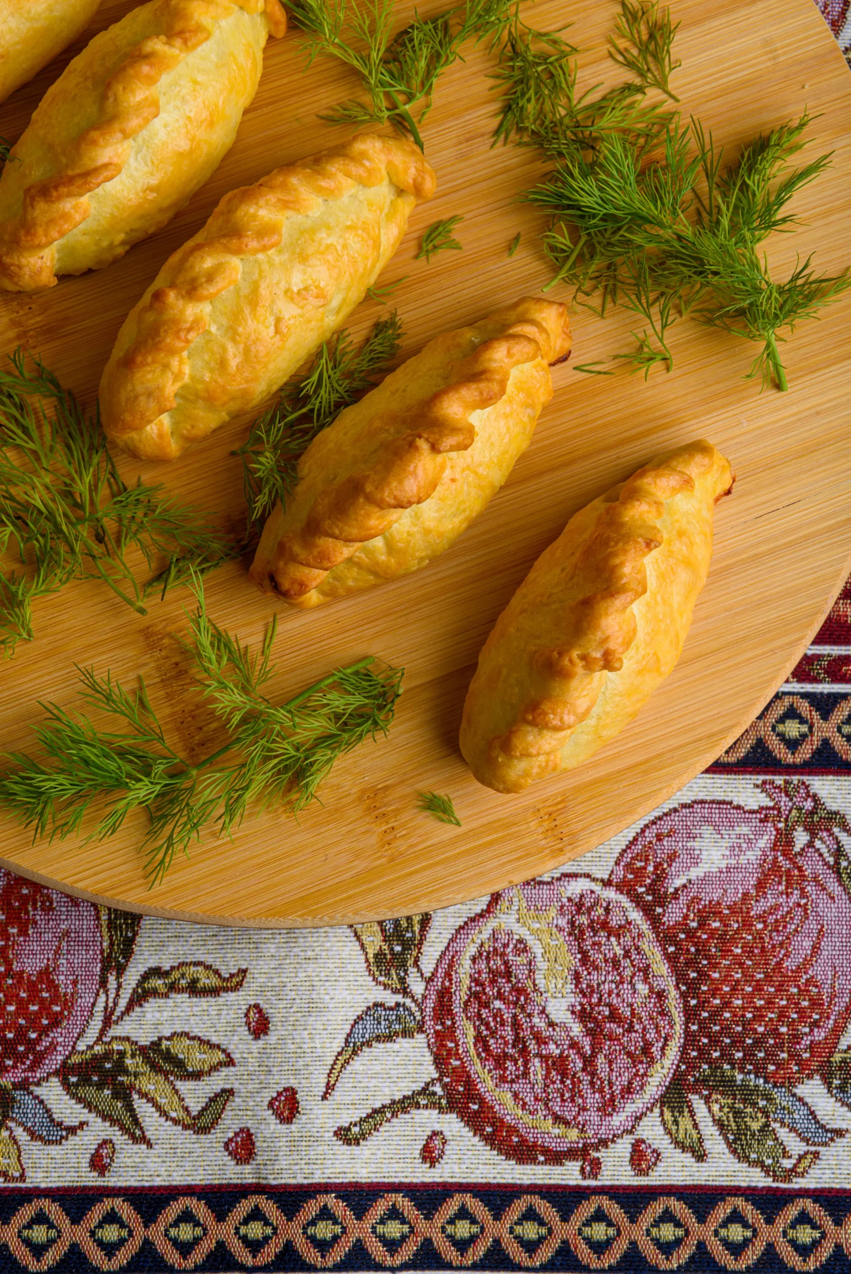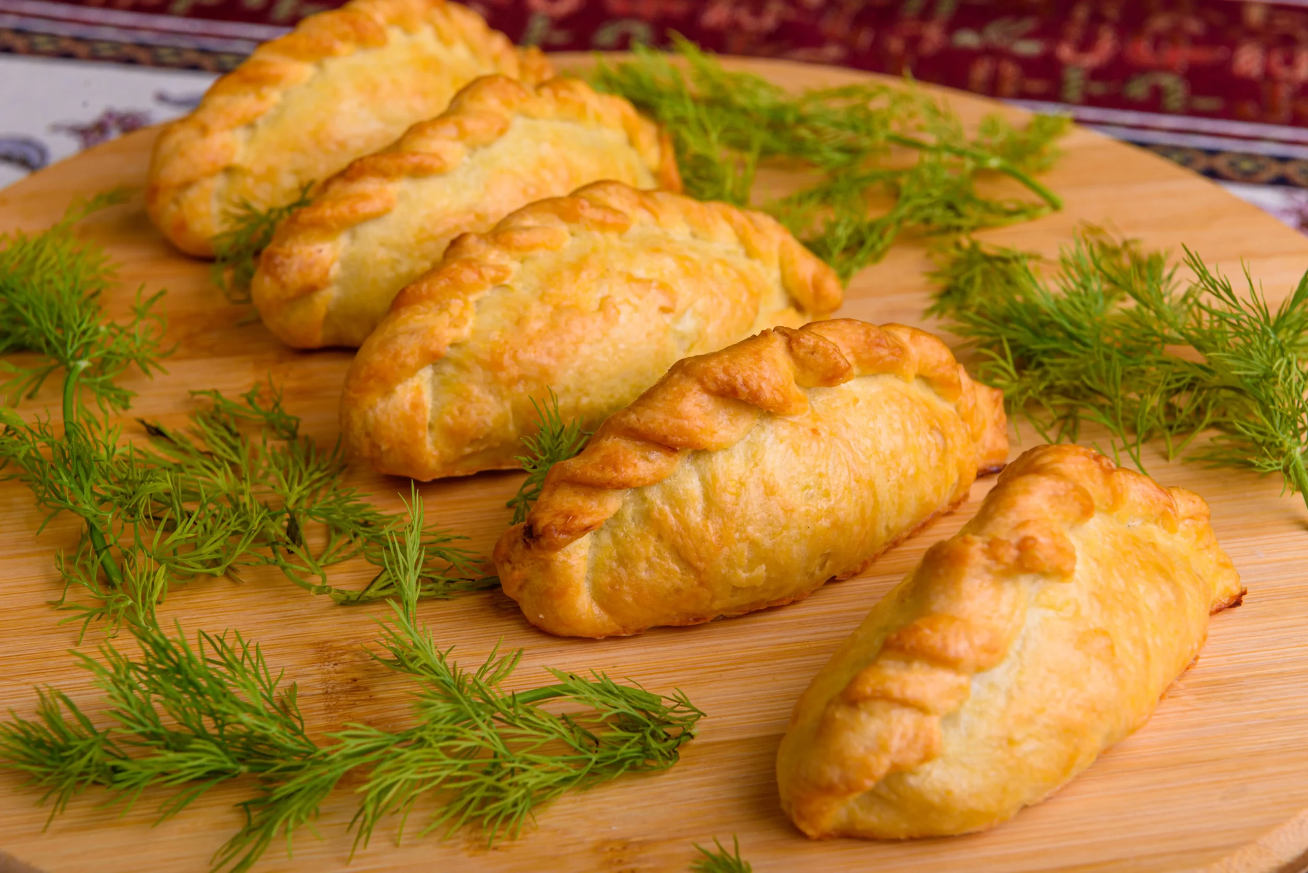 Mini kibinai su kiauliena, su vištiena arba su grybais – 1,5eur/vnt.
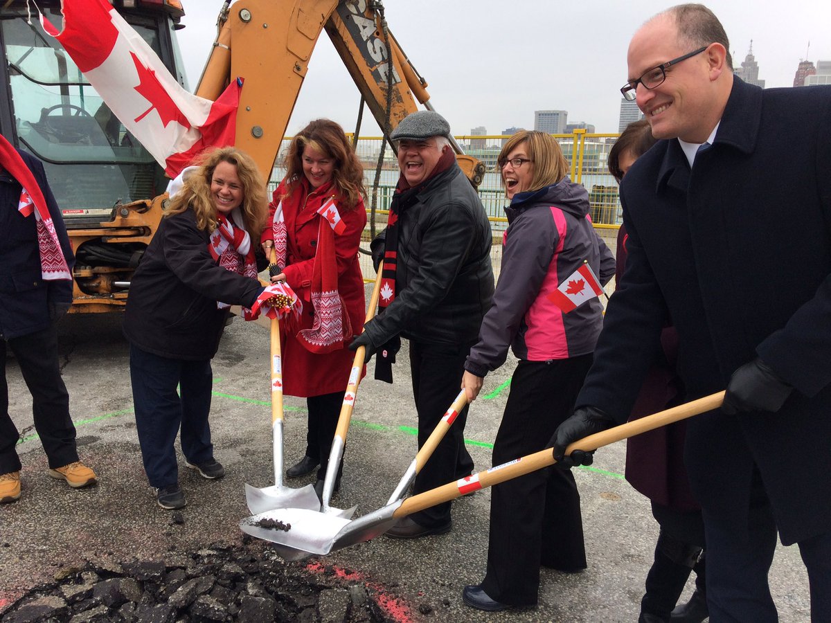 Official ground-breaking on the Great Canadian Flag Project at the foot of Ouellette Ave. January 25, 2017 (Photo by Teresinha Medeiros)
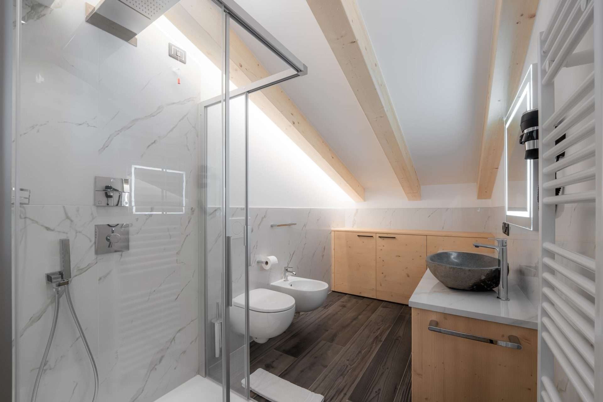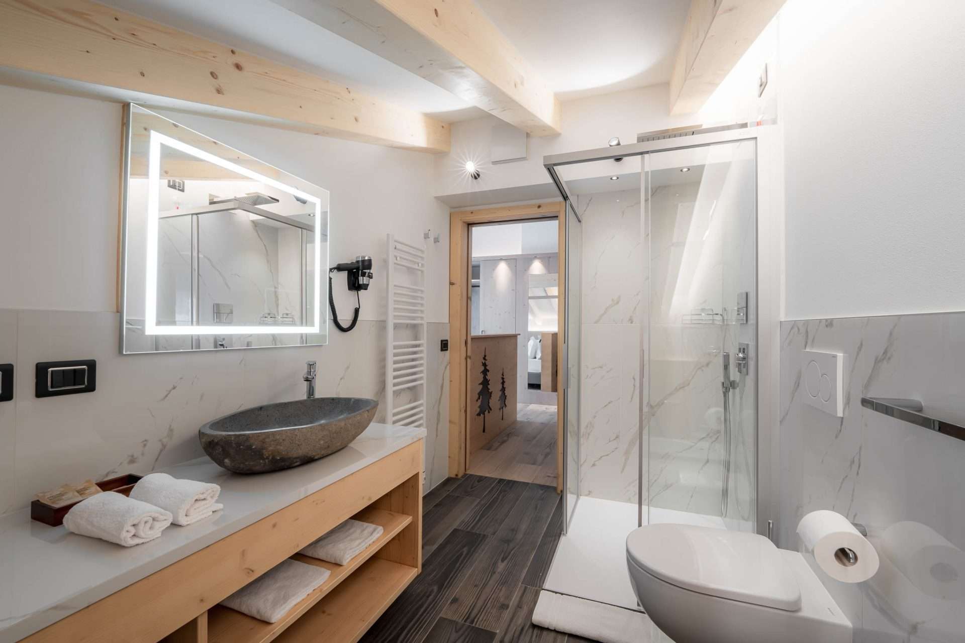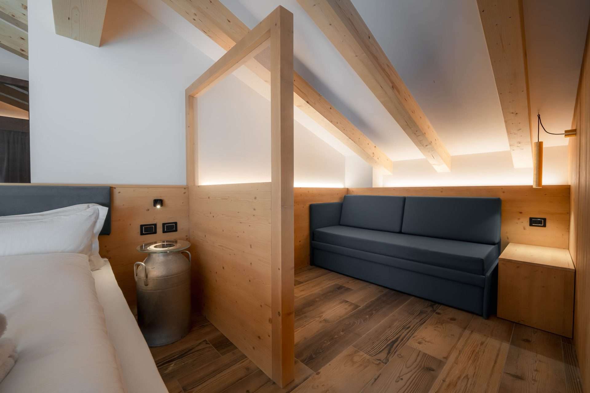 • Materiali e design Realizzata in caldo legno delle Dolomiti con travi a vista, in tipico stile alpino.
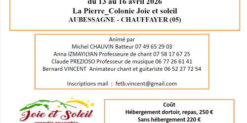 La colonie Joie et Soleil, située à la Pierre (AUBESSAGNE), propose un stage Chant-Musique...
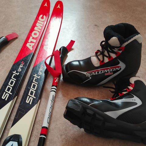 Tästä pienelle lapselle erinomainen ensisuksisetti perinteistä hiihtotyyliä varten.
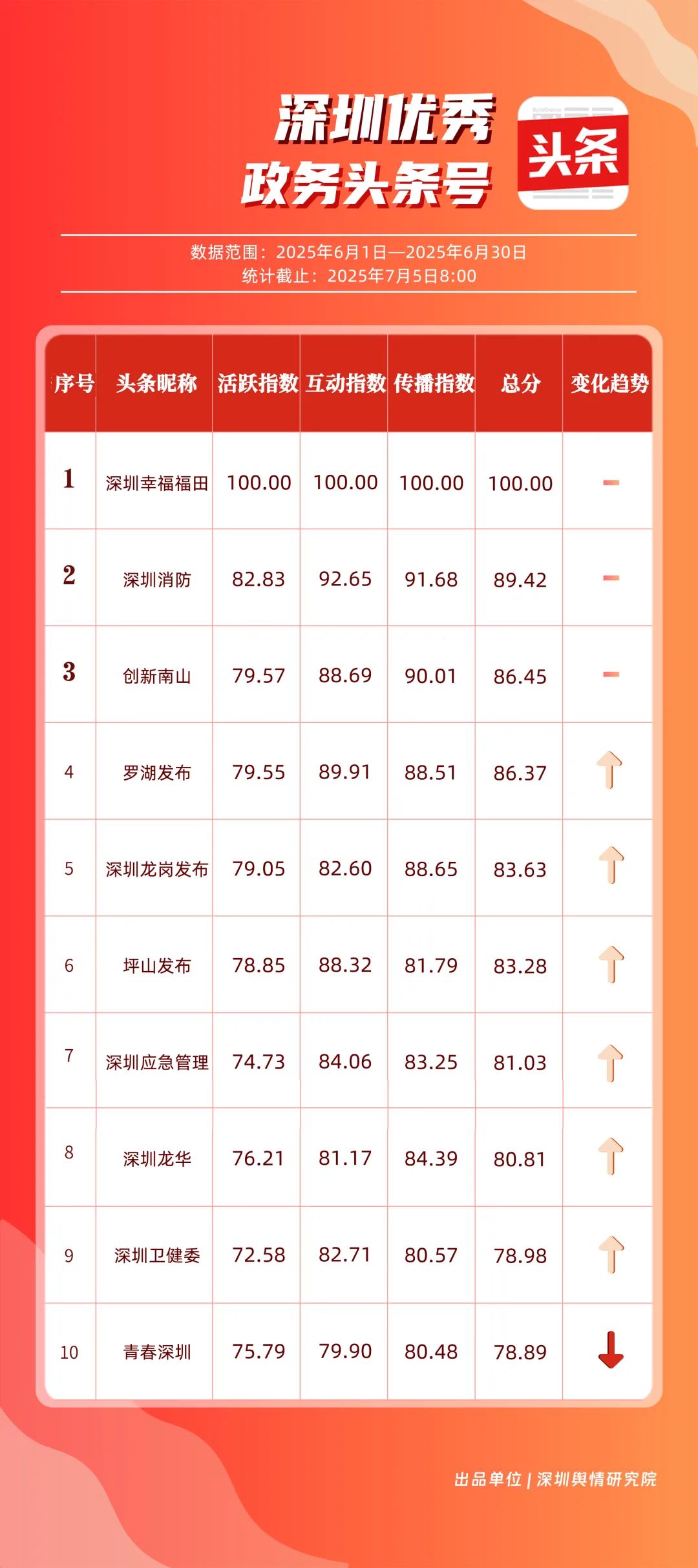 6月,“深圳幸福福田”“深圳消防”“創(chuàng)新南山”“羅湖發(fā)布”“深圳龍崗發(fā)布”“坪山發(fā)布”“深圳應(yīng)急管理”“深圳龍華”“深圳衛(wèi)健委”“青春深圳”共10個政務(wù)頭條號入選“優(yōu)秀政務(wù)頭條號”榜單?!吧钲谛腋8L铩薄吧钲谙馈薄皠?chuàng)新南山”連續(xù)位居榜單前3名,內(nèi)容具備較強(qiáng)的吸引力?!傲_湖發(fā)布”“深圳龍崗發(fā)布”排名也在榜單前列,排名較5月有所上升,在區(qū)域形象宣傳與民生服務(wù)中持續(xù)發(fā)力。

### Task to complete:
Copy each line above precisely, dropping the pictures.

### Solution for this problem:
 Mini kibinai su kiauliena, su vištiena arba su grybais – 1,5eur/vnt.
 Official ground-breaking on the Great Canadian Flag Project at the foot of Ouellette Ave. January 25, 2017 (Photo by Teresinha Medeiros)
 • Materiali e design Realizzata in caldo legno delle Dolomiti con travi a vista, in tipico stile alpino.
 La colonie Joie et Soleil, située à la Pierre (AUBESSAGNE), propose un stage Chant-Musique...
 Tästä pienelle lapselle erinomainen ensisuksisetti perinteistä hiihtotyyliä varten.
 6月,“深圳幸福福田”“深圳消防”“創(chuàng)新南山”“羅湖發(fā)布”“深圳龍崗發(fā)布”“坪山發(fā)布”“深圳應(yīng)急管理”“深圳龍華”“深圳衛(wèi)健委”“青春深圳”共10個政務(wù)頭條號入選“優(yōu)秀政務(wù)頭條號”榜單?!吧钲谛腋8L铩薄吧钲谙馈薄皠?chuàng)新南山”連續(xù)位居榜單前3名,內(nèi)容具備較強(qiáng)的吸引力?!傲_湖發(fā)布”“深圳龍崗發(fā)布”排名也在榜單前列,排名較5月有所上升,在區(qū)域形象宣傳與民生服務(wù)中持續(xù)發(fā)力。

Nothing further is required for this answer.